Hierbei spielt es keine große Rolle, ob die Bewegung „ideal“ ausgeführt wird oder genauso gut oder sogar besser als bei meinem Nachbarn aussieht. Es geht nicht um den Vergleich nach außen. Oberstes Gebot für mich selbst ist, dass Bewegungen ein kleines bisschen mehr Lebendigkeit in meinen Körper und mein ganzes Wesen bringen als noch soeben.
Worauf beruft sich eine solche Herangehensweise? Welches Gedankengut liegt dieser Herangehensweise zugrunde?

Innerhalb der daoistischen Bewegungstraditionen ist das Konzept des Ziran (自然) für die eigene Praxis ein wichtiger Maßstab zur Orientierung. Wörtlich bedeutet Ziran „von sich aus so (sein, wie es ist)“. Ganz eng hiermit verbunden ist das daoistische Konzept des Nicht-Handelns (無為), das ja auch nicht bedeutet, dass man nichts tut, sondern sich gewissermaßen genau „parallel“ zum Potenzial bewegt. Dahinter steckt, dass man zulässt, dass das einem Prozess, einer Sache innewohnende Potenzial möglichst frei zur Geltung kommen kann, dieses erspürt und unterstützt wird. Man versucht in keinem Fall, ein Ergebnis manipulativ oder mit Zwang herbeizuführen.

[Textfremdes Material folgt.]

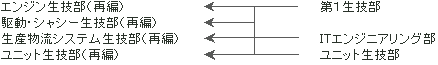 生技開発部 ユニット生技部 計測技術部 第1生技部 第4生技部 第5生技部 貞宝工場(工場長) 貞宝工場工機管理部 メカトロシステム部 ITエンジニアリング部 ダイエンジニアリング部 |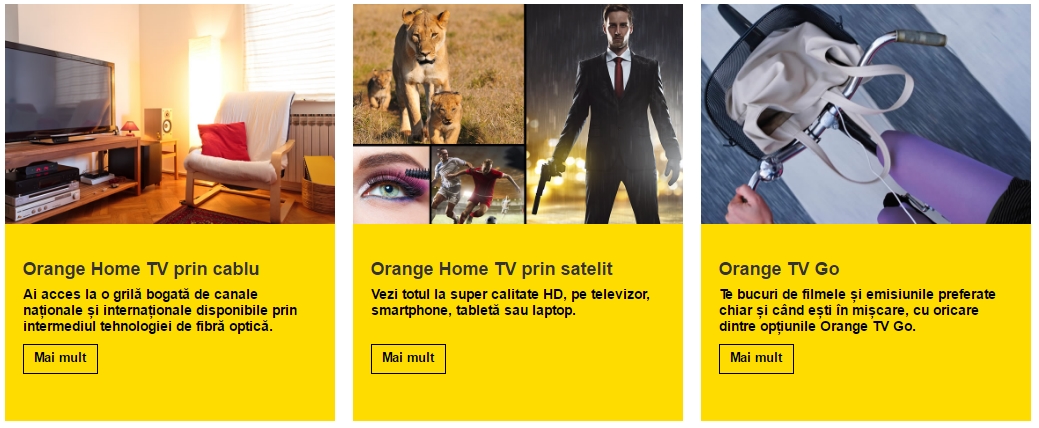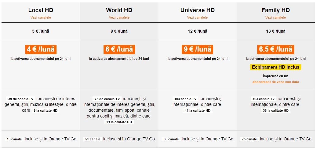 Utilizatorii vor putea alege din 3 pachete de bază - Analog, Explore și Global - și 5 opțiuni extra (HBO, Maxpack). Aceste pachet includ de la 51 la 121 canale TV și au prețuri standard între 6 și 9 euro pentru clienții Orange abonați la serviciile mobile. Nu în ultimul rând, există și Orange Home Fix - serviciul de voce fixă prin care se oferă 100 minute naționale, și 100 minute în rețea (lunar), pentru doar 1.25 euro taxă lunară.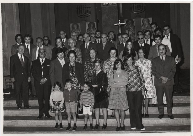 28 de setembre de 1974. Festa patronímica de sant Gabriel a Crist Rei amb directius, tècnics, locutors i col·laboradors Foto: Fotografia Villaplana Vargas, arxius de Pere Garriga i de Montserrat Mira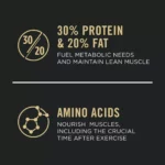 High-performance nutrition with 30% protein and 20% fat for endurance and strength.
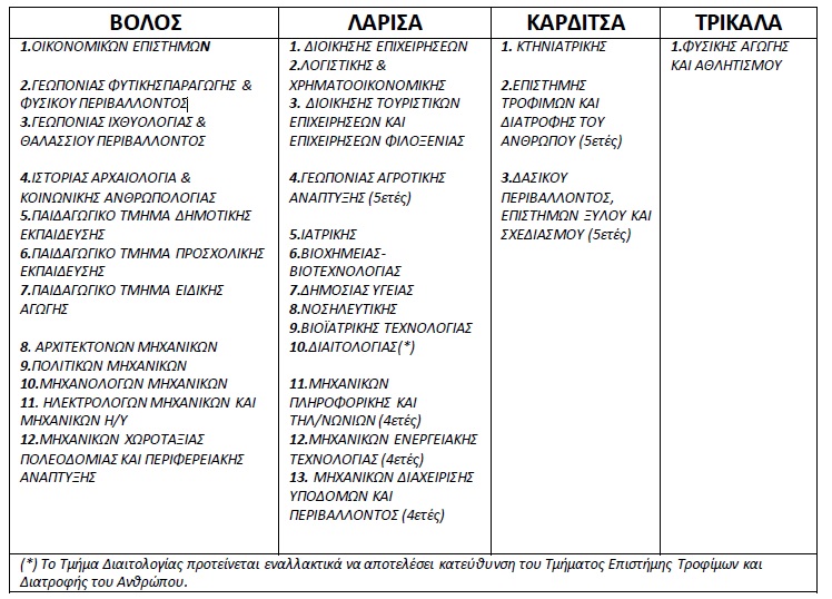 Από το ΤΕΙ Θεσσαλίας προτείνεται η παρακάτω γεωγραφική κατανομή των τμημάτων σύμφωνα με τον πίνακα: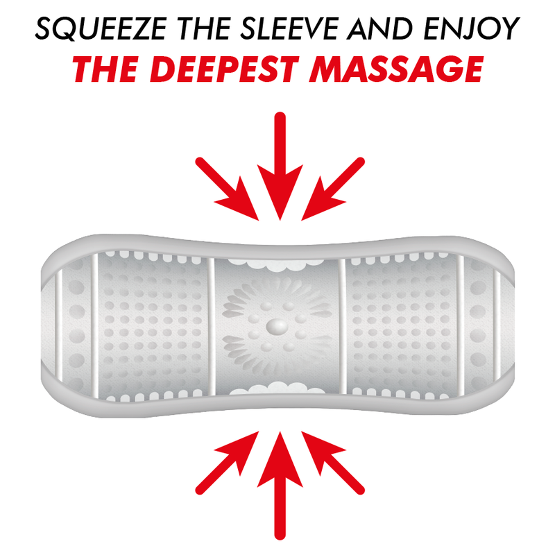 - Pour des sensations plus intenses, pressez le manchon de masturbation.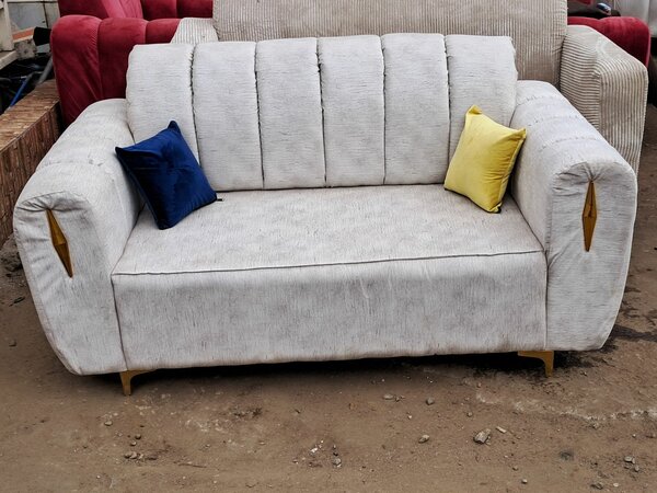 Élégant canapé 3 places en tissu blanc avec des lignes modernes et des pieds en métal doré. Parfait pour votre salon ou salle d'attente.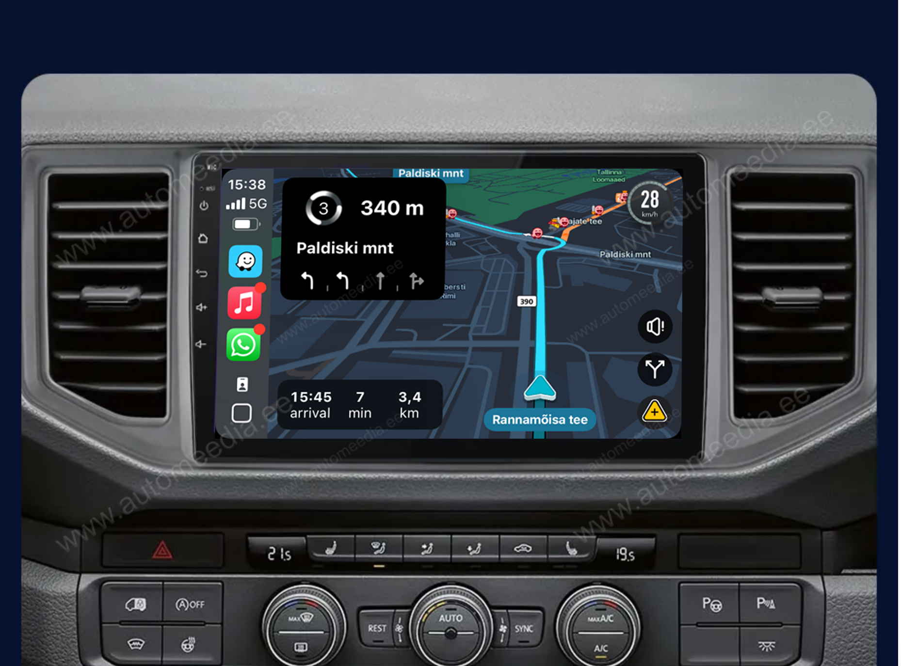 Autoraadiole on sisseehitatud Apple CarPlay (juhtmevaba) ja android telefonidele Android Auto (juhtmega) funktsioon. Ühenda oma telefon meediakeskuse USB kaablile ja too CarPlay rakendused naviraadio ekraanile. Äpid töötavad sinu telefonis, pilt kuvatakse meediakeskuse ekraanile..

Für die eigene Bewegungspraxis bedeutet dies, dass man eine Übung/Bewegung gegebenenfalls so weit reduziert oder adaptiert, dass sie den gegenwärtigen Fähigkeiten und Möglichkeiten optimal entspricht. Gemäß daoistischer Philosophie ist deshalb die äußere Form weitaus weniger wichtig, als die Realisierung der Ideen, die durch die Form transportiert werden und zum Ausdruck gebracht werden sollen.